I've imported the following jars to support this:

<dependency>
    <groupId>org.springframework.boot</groupId>
    <artifactId>spring-boot-starter-oauth2-resource-server</artifactId>
</dependency>
<dependency>
    <groupId>org.springframework.boot</groupId>
    <artifactId>spring-boot-starter-security</artifactId>
</dependency>

And here is the SecurityConfiguration class

import org.springframework.context.annotation.Configuration;
import org.springframework.http.HttpMethod;
import org.springframework.security.config.annotation.web.builders.HttpSecurity;
import org.springframework.security.config.annotation.web.configuration.WebSecurityConfigurerAdapter;

@Configuration
public class JWTSecurityConfig extends WebSecurityConfigurerAdapter {

    @Override
    protected void configure(HttpSecurity http) throws Exception {
        http
          .authorizeRequests(authz -> authz
            .antMatchers(HttpMethod.OPTIONS, "/**").permitAll()
            .antMatchers(HttpMethod.GET, "/**").permitAll()
            .antMatchers(HttpMethod.POST, "/**").permitAll()
            .anyRequest().authenticated())
          .oauth2ResourceServer(oauth2 -> oauth2.jwt());
    }
}

It seems to work fine for GET, but the POST calls fail with a 403 Forbidden. I have it open to everything that is authenticated for now until I can get it working. I'm thinking the answer lies somewhere in the SecurityConfiguration configure method code.

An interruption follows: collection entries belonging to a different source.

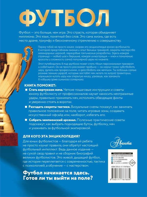 Перед вами книга, целиком посвященная футболу — великой спортивной игре, не оставляющей равнодушными ни детей, ни взрослых. Ее первейшая задача — объяснить во всех подробностях и донести до каждого юного читателя философию и дух самой популярной игры на планете. Это издание вобрало в себя все, чего современный футбол достиг за свою историю — от его истоков в глубокой древности, появления в России и до наших дней. Теоретическая часть книги охватывает главные аспекты непосредственно самой игры: основные правила и особые нюансы, многие из которых известны лишь профессионалам, базовые тактические схемы, виды ударов, способы их нанесения и многое-многое другое. И что важно: эти правила объясняются на конкретных событиях из истории, например: почему “золотой гол” канул в Лету, как работало правило выездного гола и почему вбрасывание из аута может быть опаснее углового. Технические разделы — кладезь практических советов начинающим футболистам: они узнают, как наносить крученый и другие виды ударов, принимать мяч грудью, исполнять “финт Кройфа” или “марсельскую рулетку”, выбирать позицию на поле, чеканить мяч, читать сигналы арбитра. Книга наполнена практическими советами и подсказками юному игроку, объясняет сложные футбольные термины. Кроме того, здесь представлена галерея легендарных игроков и тренеров, навсегда оставивших свой след в истории футбола, рассказывается о становлении и пути на вершины пьедесталов величайших футбольных клубов. Не остались без внимания крупнейшие мировые турниры, собирающие миллионы зрителей на футбольных аренах. И все это сопровождается уникальными фотографиями, запечатлевшими лучшие моменты этой фантастической игры. Данная книга не просто дает мальчишкам знания о конкретном виде спорта — она вдохновляет выйти на поле, ведь футбол был и остается красивейшей игрой, которая увлекает и ведет за собой огромное количество последователей и преданных болельщиков.
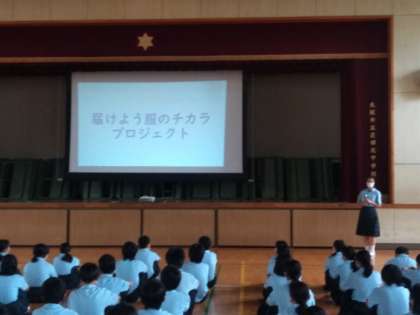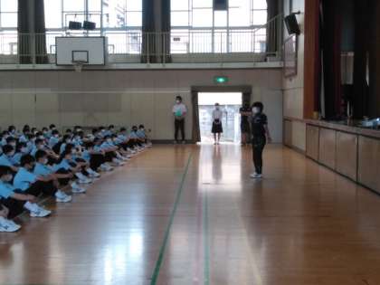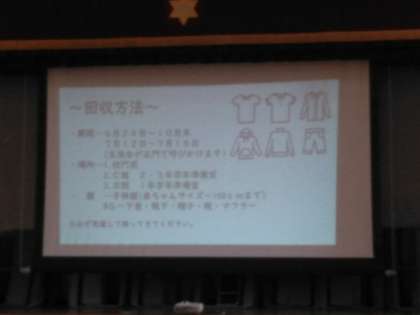 今朝は、生徒会役員から、幼児服のリサイクルについて、取り組みの報告がありました。
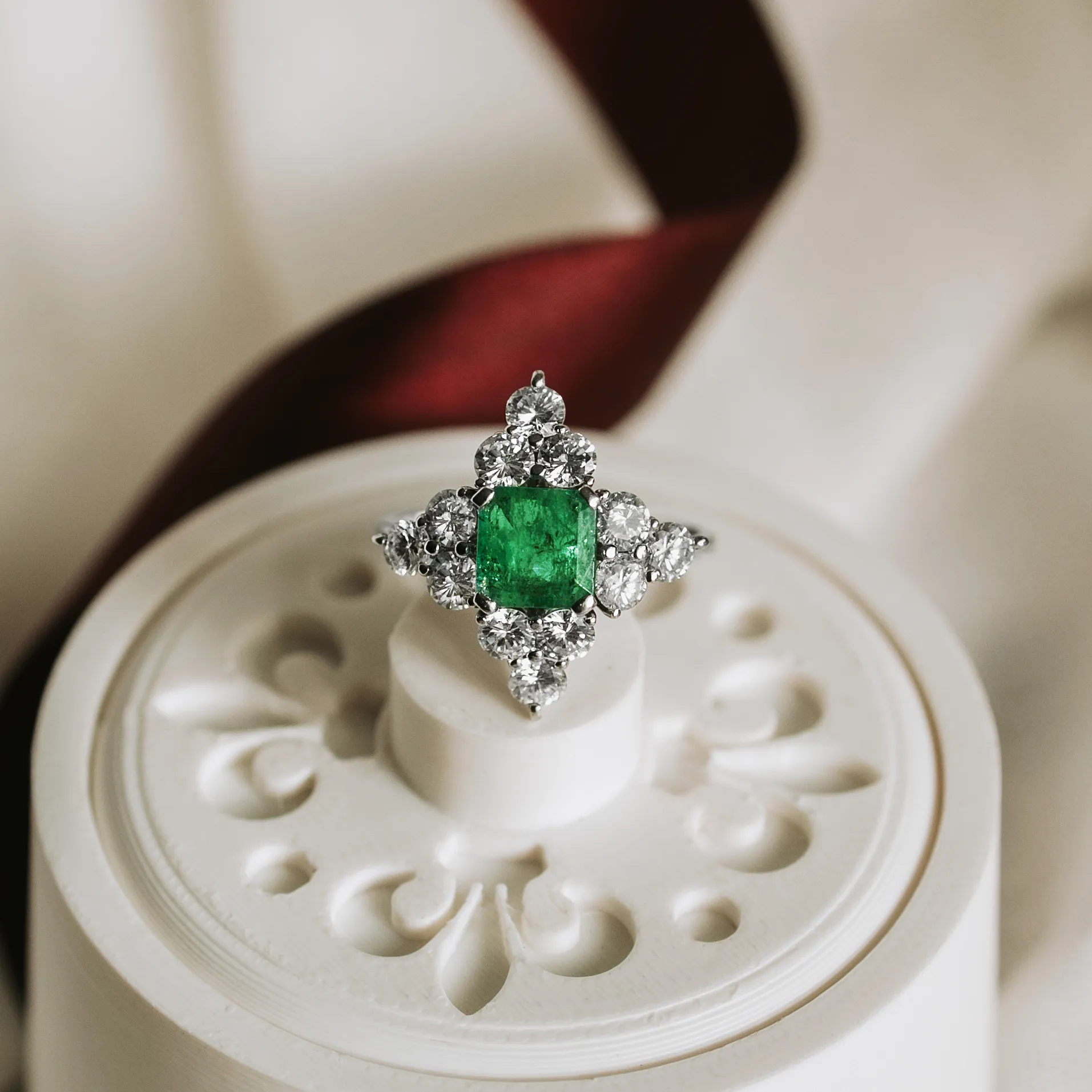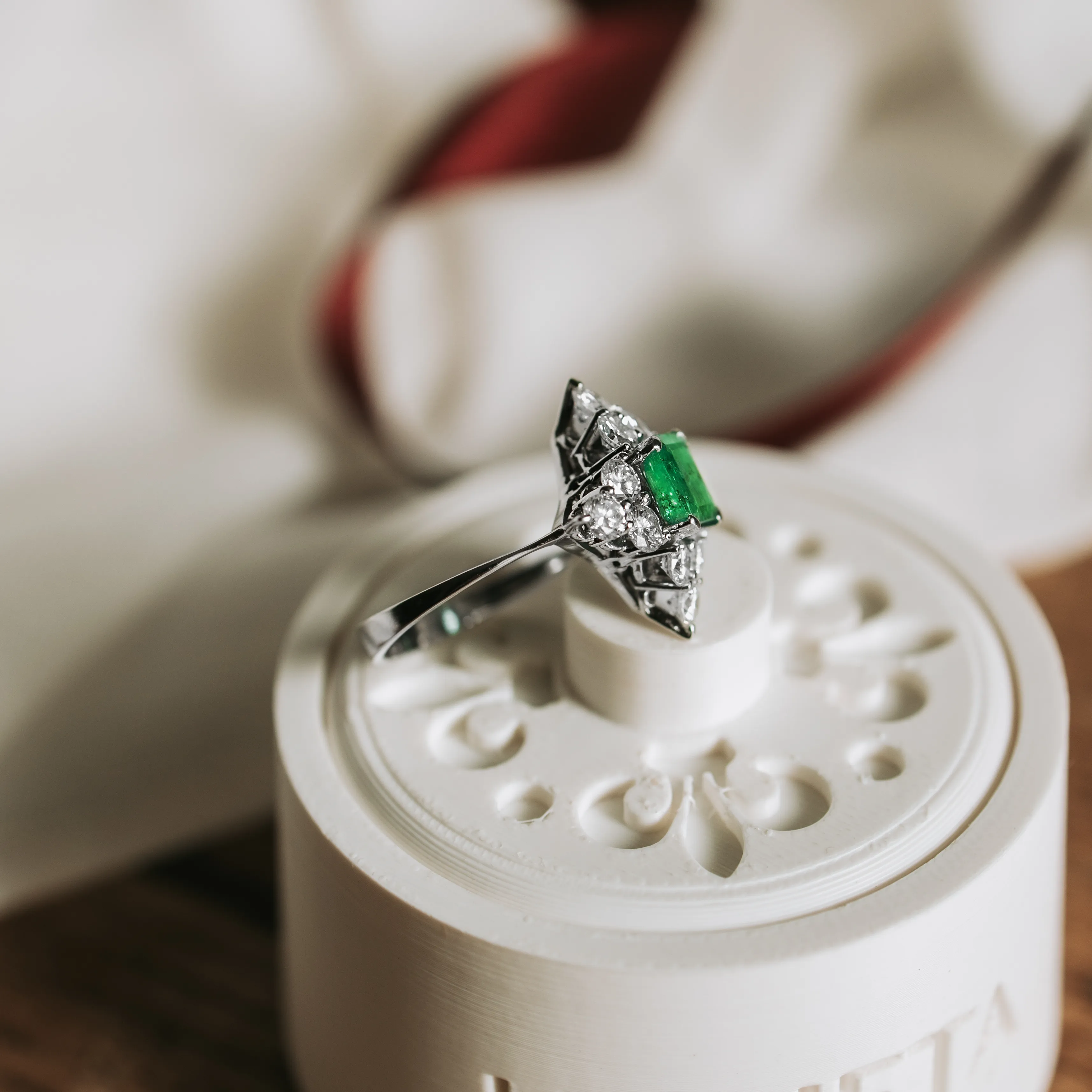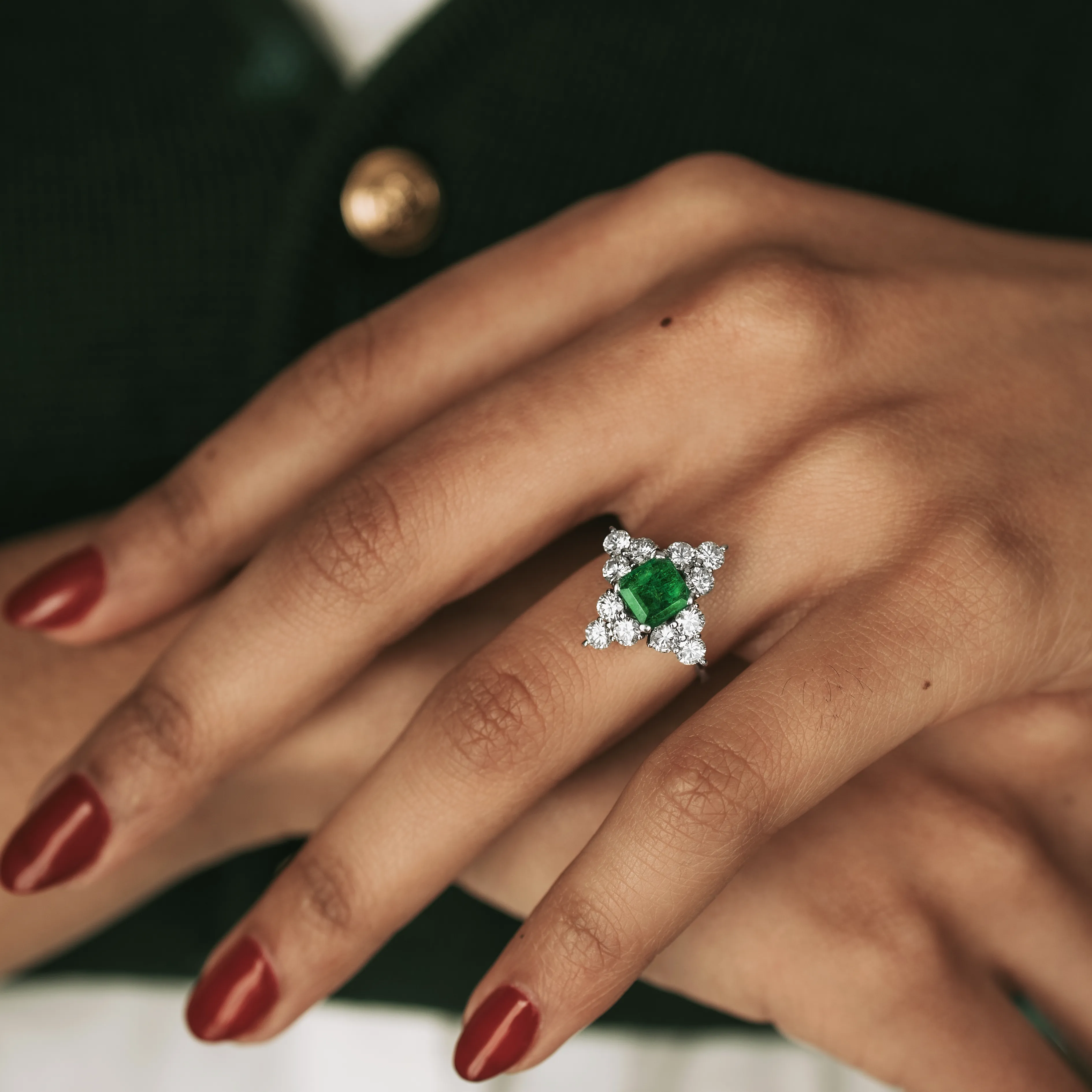 Roseta vintage de oro blanco con esmeralda en su talla y 12 diamantes en orla talla brillante.

In case it's relevant to this, I also had to add "Authorization" to the "Access-Control-Allow-Headers" header to an existing old school Filter w doFilter(ServletRequest req, ServletResponse resp) used by the application like this (pasted in all the headers in case it's helpful):

    response.setHeader("Access-Control-Allow-Origin", request.getHeader("Origin"));
    response.setHeader("Access-Control-Allow-Credentials", "true");
    response.setHeader("Access-Control-Allow-Methods", "POST, PUT, GET, OPTIONS, DELETE");
    response.setHeader("Access-Control-Max-Age", "3600");
    response.setHeader("Access-Control-Allow-Headers", "Authorization, Content-Type, Accept, X-Requested-With, remember-me");

CodePudding user response:

You should configure CORS for anything that can alter resources (POST, PUT, DELETE):

    @Bean
    public SecurityFilterChain filterChain(HttpSecurity http) throws Exception {
        // Enable and configure CORS
        http.cors().configurationSource(corsConfigurationSource());
        ...
        return http.build();
    }

    private CorsConfigurationSource corsConfigurationSource() {
        // Very permissive CORS config...
        final var configuration = new CorsConfiguration();
        configuration.setAllowedOrigins(Arrays.asList("*"));
        configuration.setAllowedMethods(Arrays.asList("*"));
        configuration.setAllowedHeaders(Arrays.asList("*"));
        configuration.setExposedHeaders(Arrays.asList("*"));

        // Limited to API routes (neither actuator nor Swagger-UI)
        final var source = new UrlBasedCorsConfigurationSource();
        source.registerCorsConfiguration("/greet/**", configuration);

        return source;
    }

Side note, do not extend WebSecurityConfigurerAdapter which is deprecated. Instead, provide your application context with a SecurityFilterChain @Bean as done in the sample above.

CodePudding user response:

Turns out I overlooked the fact that the front end was not sending the token in the Authorization header on POST, but is for GET.